Noise Reduction with MultiscaleMedianTransform

Tutorial by Juan Conejero (PTeam)

This document is an adaptation of a tutorial posted by the author on PixInsight Forum in October of 2011.
Original forum thread.


The multiscale median transform (MMT)[1] is more efficient and accurate than the wavelet transform (for example, the à trous wavelet transform[2]) in terms of isolation of image structures. This makes MMT particularly well suited for noise reduction and local contrast enhancement applications. In this document we are going to explore the noise reduction capabilities of the MultiscaleMedianTransform tool in PixInsight.

We'll work with a DSLR raw image acquired with a Canon 450D camera. The image in CR2 format has been loaded in PixInsight with the standard DSLR_RAW format support module using VNG interpolation and in-camera white balance. You can see the debayered linear image below.

This is the same image with a screen transfer function (STF) applied for visualization:

As happens with the ATrousWaveletTransform tool (ATWT), MMT can work for noise reduction on linear and nonlinear images. Usually the noise is more controllable and easy to understand (from a multiscale perspective) on an unstretched (linear) image.

Now let's work with a preview centered on the poppy. You can see it zoomed 7:1 below, where the noise in the image becomes evident.

One of MMT's most interesting features is its capability to remove noise preserving significant image structures. The ATrousWaveletTransform tool has a similar functionality. Noise reduction with the MMT tool is even easier to understand and use with just three parameters:

  • Threshold

    As happens with wavelet transforms, a multiscale median transform decomposes the image into a set of layers. Each layer contains positive and negative numbers describing the image structures within a range of sizes. These numbers are what we know as transform coefficients.

    This parameter defines a threshold in median absolute deviation (MAD) units for removal of transform coefficients in the current layer. All coefficients with absolute values below this threshold will be multiplied by one minus the amount parameter (see below; by default amount is one, so zero is the default multiplier).

    Increase the threshold parameter to remove more image structures. Typically, a value around 3 or 4 MAD is appropriate for the first layer. Successive layers normally require smaller thresholds (the larger the layer scale, the smaller threshold is usually required), but the actual values depend on the image and its noise distribution. Too large of a threshold will remove significant structures. Try to adjust this parameter to the smaller value able to remove the noise as you wish on each layer.
  • Amount

    Defines a multiplier that will be applied to all layer coefficients below the specified threshold (see the preceding parameter). The actual multiplier is one minus amount, so the default amount value of one will remove noise coefficients completely. Normally you should leave this parameter with its default value.
  • Adaptive

    Defines a noise value in MAD units for the local adaptive noise reduction algorithm (LANR).[3] When this parameter is greater than zero, a LANR routine is applied before noise thresholding to the current transform layer. This is useful to remove outlier noise structures that can be very difficult to select by thresholding without damaging significant structures. Increase this parameter when you see isolated, high-contrast, relatively small structures that survive after finding an otherwise good noise threshold value. As happens with the threshold parameter, the less is the better: always try to find the smallest adaptive noise parameter that can remove the unwanted noise structures.
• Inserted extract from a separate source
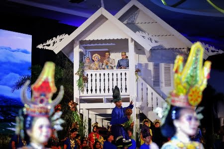 Sekilas ia menjelaskan filosopi rumah yang di topang tiga tiang menandakan yang punya hajatan bukanlah dari keturunan bangsawan. Sementara rumah toraja juga menampilkan tongkonan lumbung yang biasanya di pergunakan rakyat biasa.
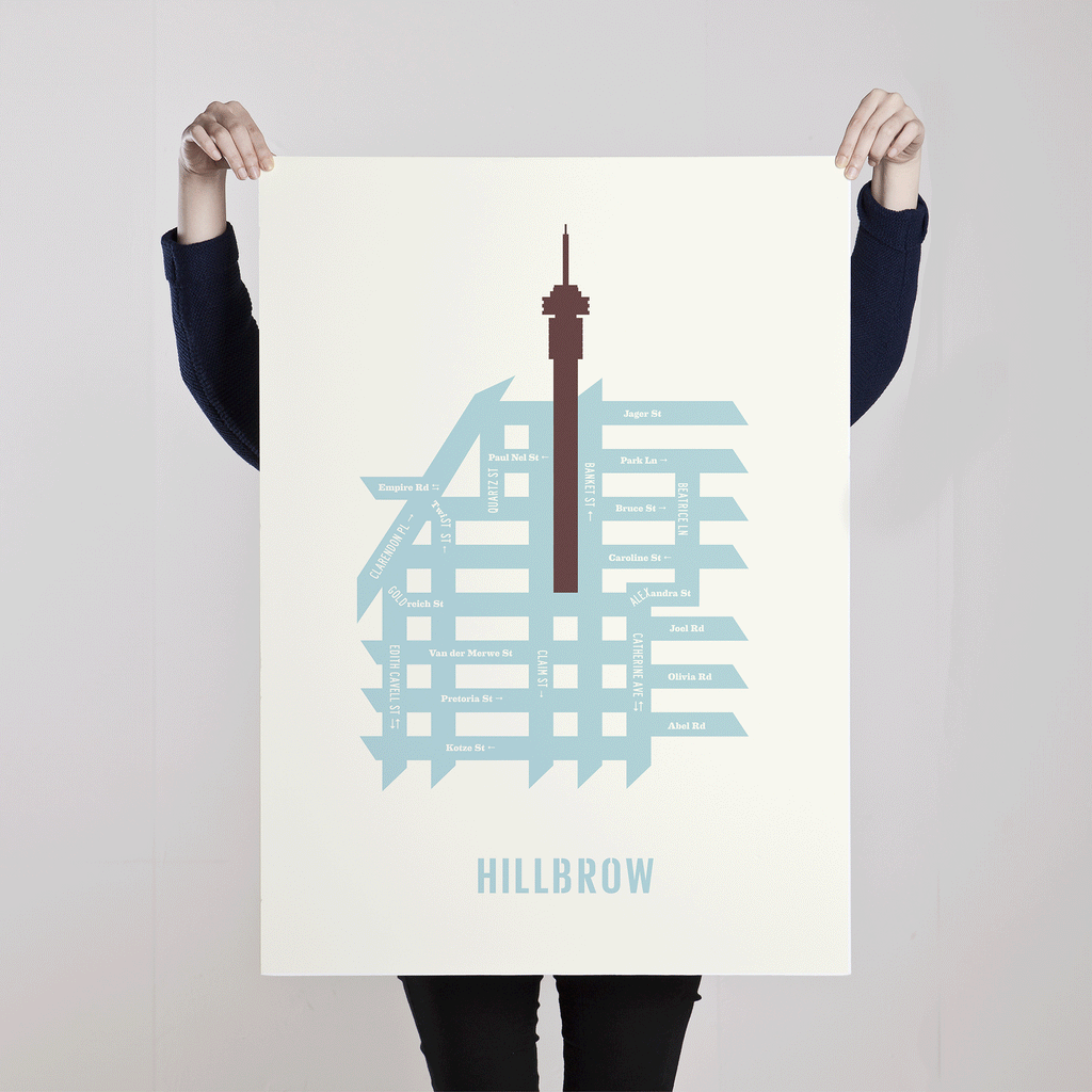 Stylised graphics of the areas around Johannesburg's iconic Telkom Tower in Hillbrow, and Sentech Tower in Brixton.

Now that we know the meaning of the three noise reduction parameters—actually, in practice we have only two parameters, since amount=1 in a majority of cases—, let's see the kind of results that we may expect from the MMT tool.

Here is another area for comparison, zoomed 4:1 before MMT noise reduction:

and after MMT noise reduction:

Note how MMT can preserve even the most subtle image features while performing a thorough noise reduction task at the same time. Here is a further comparison (zoomed 3:1). Before MMT noise reduction:

After MMT noise reduction:

As you can see in these screenshots, MMT allows you to apply noise reduction and local contrast enhancement (sharpening) simultaneously, in a similar way to ATWT—note the positive bias parameter values in the second and third layers.


References

[1] Starck, J.-L., Murtagh, F. and J. Fadili, A. (2010), Sparse Image and Signal Processing: Wavelets, Curvelets, Morphological Diversity, Cambridge University Press.

[2] Starck, J.-L., Murtagh, F., Bijaoui, A. (1998), Image processing and Data Analysis: The Multiscale Approach, Cambridge University Press.

[3] González, R.C. and Woods, R.E. (2008), Digital Image Processing, Third Edition, Pearson / Prentice Hall.